Опять же: эти рекомендации сформированы моей уникальной перспективой как (чрезмерно расширенного) танцора и артиста цирка, а также как хорошо образованного, квалифицированного и лицензированного физиотерапевта. Это мое мнение, а не высеченный на камне научный факт. Все люди разные, и если вы не знаете, как лучше всего прожить гипер-расширенную цирковую жизнь, сходите на осмотр у физиотерапевта! Не знаете, как найти квалифицированного физиотерапевта? Проверьте этот пост, чтобы узнать больше.

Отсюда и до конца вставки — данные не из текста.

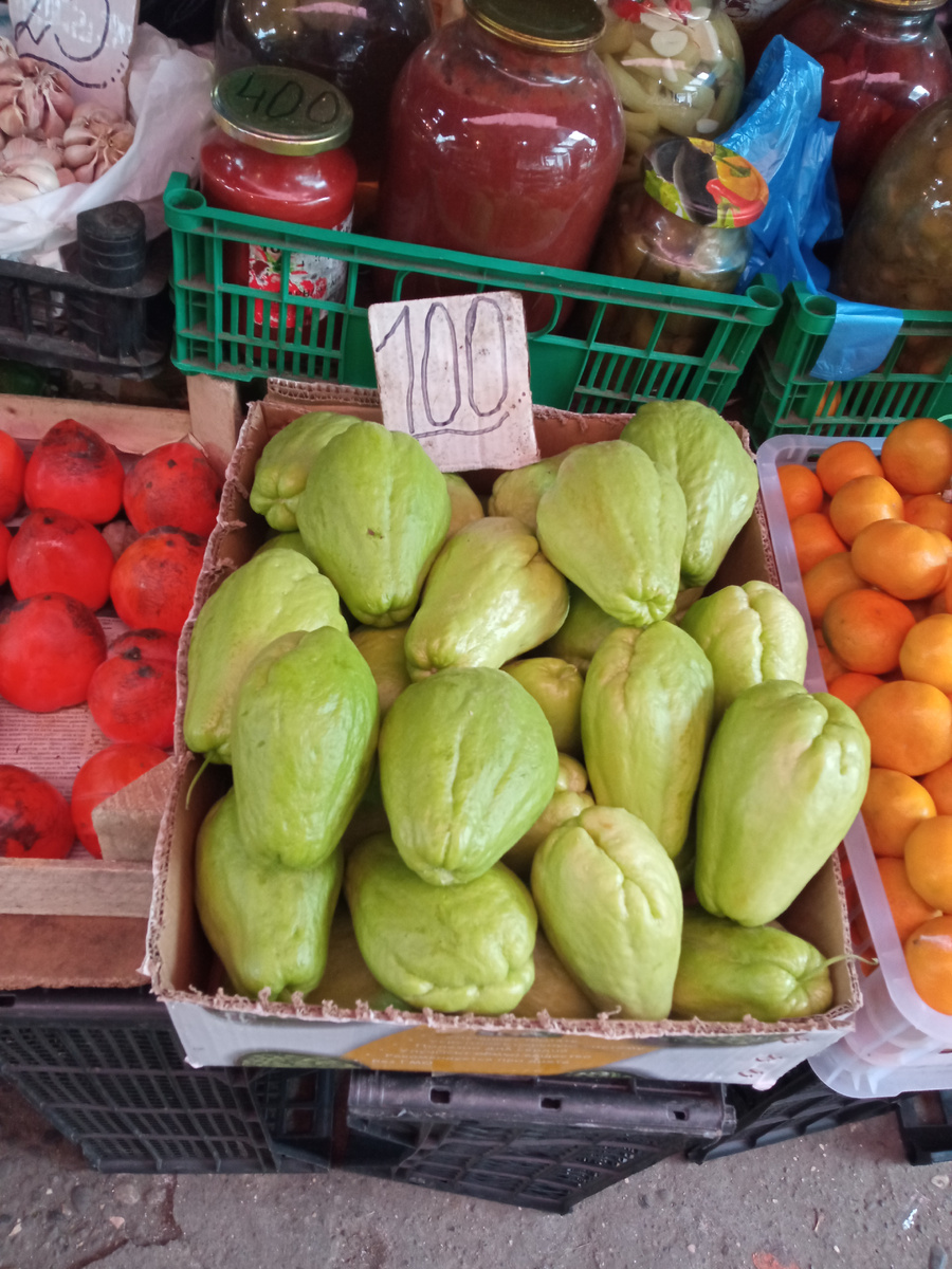 После обеда поехала на рынок. Думала, что сделаю немного фотографий , а получилось опять их много. Покажу сезонные фрукты. Начну со своей покупки. Я купила мексиканский огерец . Цена 100 рублей за 1 кг. Я купила на пробу 1 штуку. Он весит 420 грамм, заплатила за него 40 рублей. Завтра хочу его подарить. О результате кулинарного эксперимента постараюсь вам рассказать позже. Мексиканские огурцы продавались в нескольких местах. Мандарины от 50 рублей до 150 рублей . Много местных лимонов . Цены от 50 рублей (мелкие, совсем мелкие) до 100 рублей за 1 кг. Много хурмы. Цена от 50 рублей за 1 кг. Киви 🥝 Фейхоа Самая дешёвая цена за 1 кг каштана - 150 рублей . Острый перец есть свежий и есть сушенный. Кукурузы стало меньше, чем неделю назад. Цена зависит от размера початка кукурузы. Посмотрела цены на картофель. Разброс цен от 55 до 110 рублей за 1 кг. Меня очень удивила цена в 110 рублей. Лук, морковь... Малина. Свежая малина. Сказали, что местная. Цена ... 1000 рубл
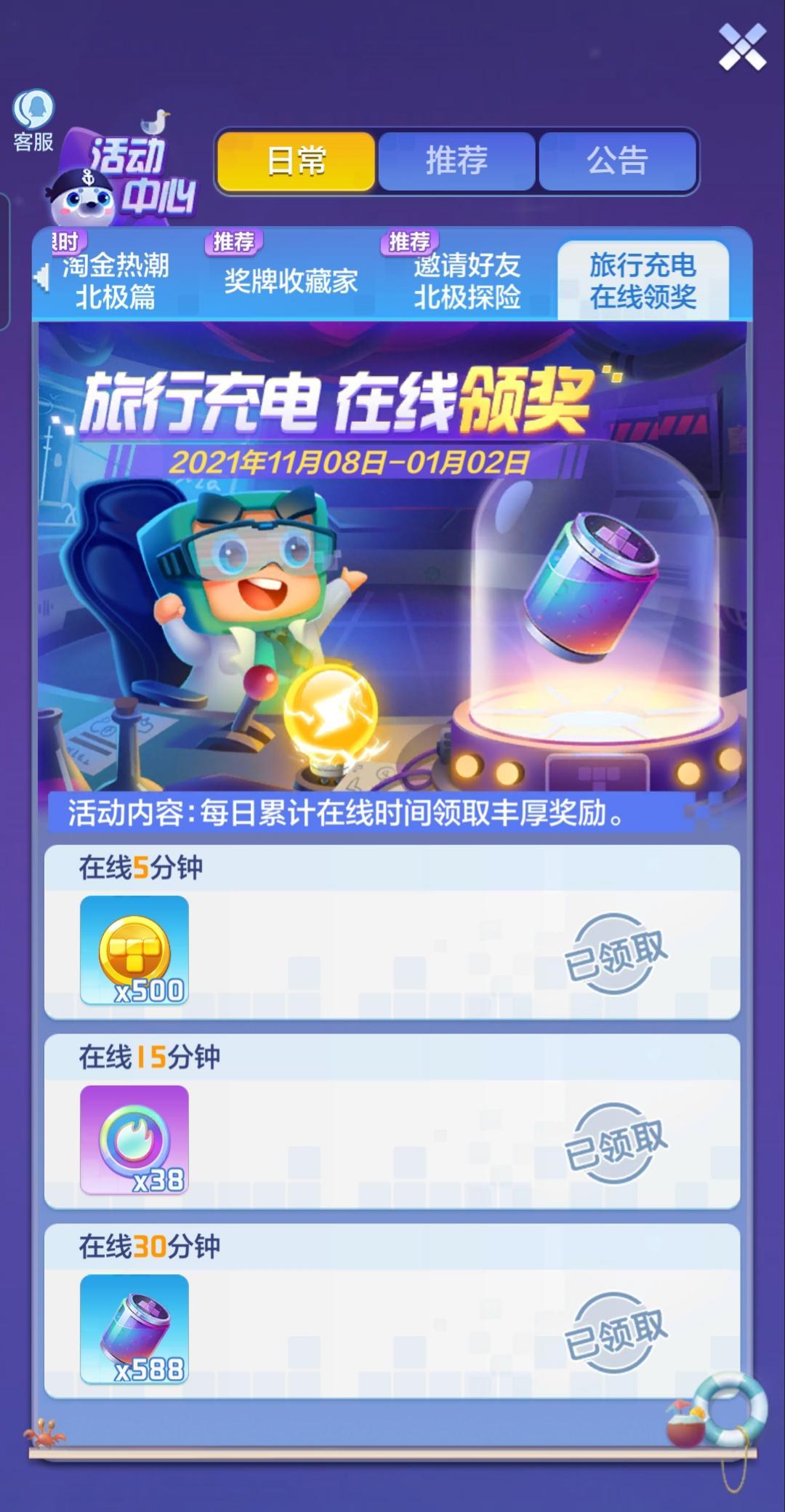 首先就是小环游每日充电活动!从2021年11月8日到2022年1月2日,每日累计在线时间达到5、15、30分钟即可领取金币、特趣思币和皮肤胶囊的丰厚奖励!
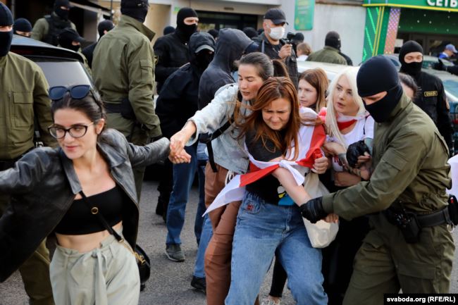“What’s happening in Minsk today is abuse of power. Beautiful and courageous women who protest lawfully and peacefully are being brutally arrested, in large numbers and by people without any identification. There are more than 240 Belarusian women already on the list of detainees, and there are even girls who were born in 2004.

Упражнения для начинающих для гиперэкспрессованных артистов: укрепление и стабилизация

Вот два отличных упражнения, которые помогут вам начать свой путь к укреплению ягодиц и гиперэкстензии без нагрузки на связки и другие пассивные структуры.

Терминальные разгибания колен стоя и согнувшись

Это отличное упражнение для тренировки этих ленивых квадрицепсов правильному задействованию во время перевернутого стеддла и согнувшись, а также УБИЛЕНИЯ микроизгибов. Навсегда!

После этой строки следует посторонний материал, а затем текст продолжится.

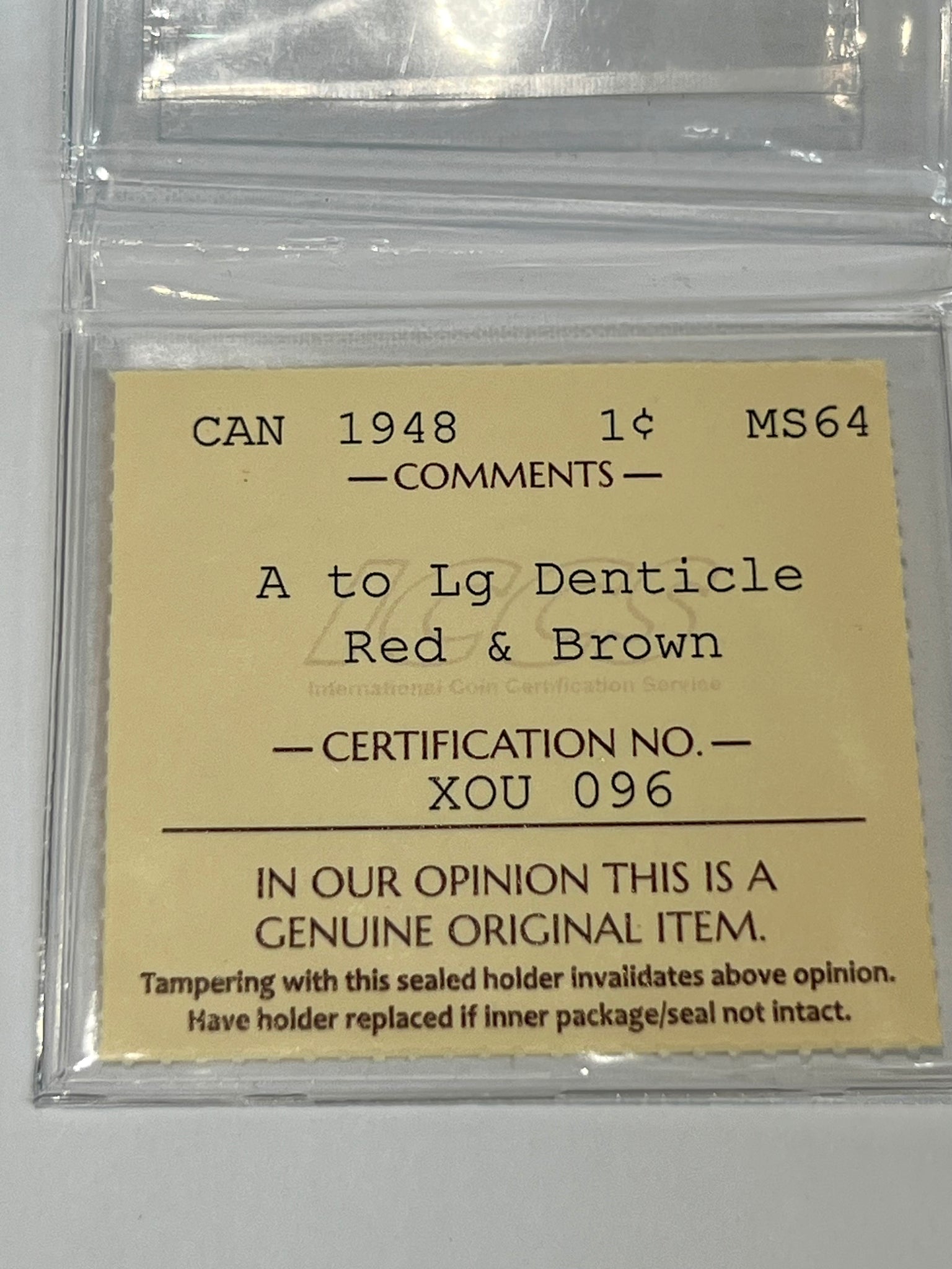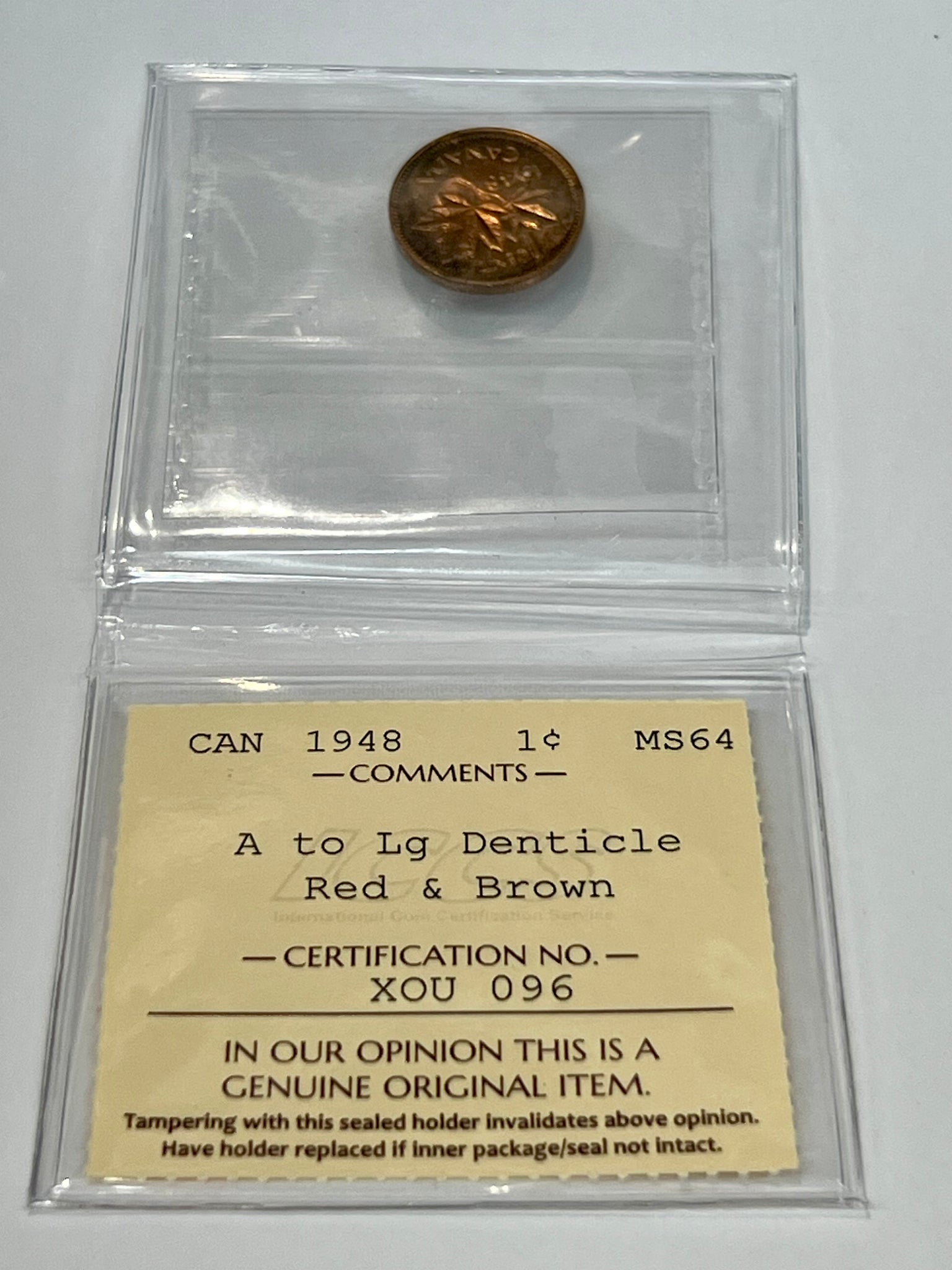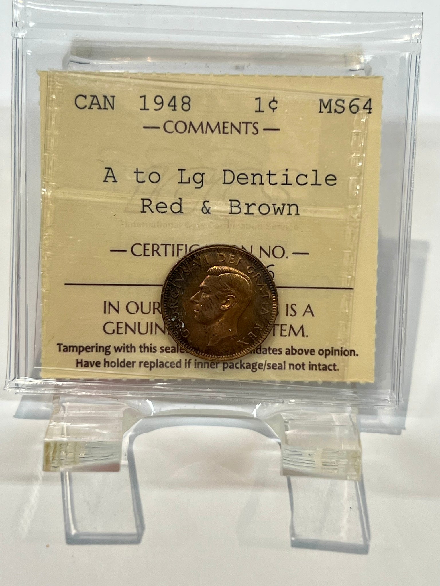 Canada One Cent 1948 A to LG Denticle MS-64 ICCS

Уловка: вам нужен суперполос. Обычный ленту не разрезает ее, ваши квадрицепсы сильные и упрямые, а гигантская петля из суперполосы — единственное, что может придать им форму. Вы должны БОРЬБЫ за то, чтобы выпрямить ногу во время каждого повторения — это должно быть ТРУДНО.Вы можете найти супер-группы в Интернете, выполнить поиск на Amazon, и вы получите множество красочных вариантов. Или проверьте ссылку в моей истории для моего личного предпочтения. А теперь упражнение:

Ключевые точки:

  • Закрепите ремешок на уровне колен вокруг ПРОЧНОГО предмета мебели.
  • Обвязка вокруг колена лицом к точке крепления. Сделайте шаг назад, пока не почувствуете приличное натяжение ленты.
  • S-l-o-w-l-y согните ногу, а S-l-o-w-l-y выпрямите. Удерживайте 3-5 секунд с выпрямленными коленями.Натяжения должно быть достаточно, чтобы это было СУПЕР сложно. Если вы делаете гиперэкстензию, сделайте гиперэкстензию ТОЛЬКО до максимального значения и удерживайте ТАМ.
  • Повторите это упражнение с ПЛОСКОЙ спиной: если для этого нужно положить руки на блок для йоги или другую возвышенную поверхность, сделайте это.

Минибэнд Балет

Это упражнение — одно из моих любимых упражнений на укрепление ягодиц для артистов-исполнителей. Это поможет укрепить и стабилизировать гиперэкстензию, одновременно поддерживая активную гибкость и снижая риск травм.

КЛЮЧЕВЫЕ ТОЧКИ:

  • Не позволяйте бедрам подниматься вверх! Таз должен быть ровным. Это должно быть очень небольшое вращение, исходящее исключительно от бедра — при стабильном тазе! ⠀⠀
  • Не поднимайте ногу слишком высоко! Ваша ступня должна быть в дюймах от земли, а не в ступнях — ровно настолько, чтобы повязка оставалась тугой, и вы могли удерживать таз на одном уровне! ⠀⠀
  • Попробуйте поворачиваться в сторону, назад, а затем по кругу из стороны в сторону. ⠀⠀
  • держите квадрицепсы задействованными ВСЕ время, чтобы ваша нога оставалась прямой — без перегибов и микрогибов.⠀
  • Эта серия смещает ваши ягодичные и максимальные ягодичные мышцы — вы должны чувствовать это ОБЕИМИ ногами: стоячей и поднятой ногой.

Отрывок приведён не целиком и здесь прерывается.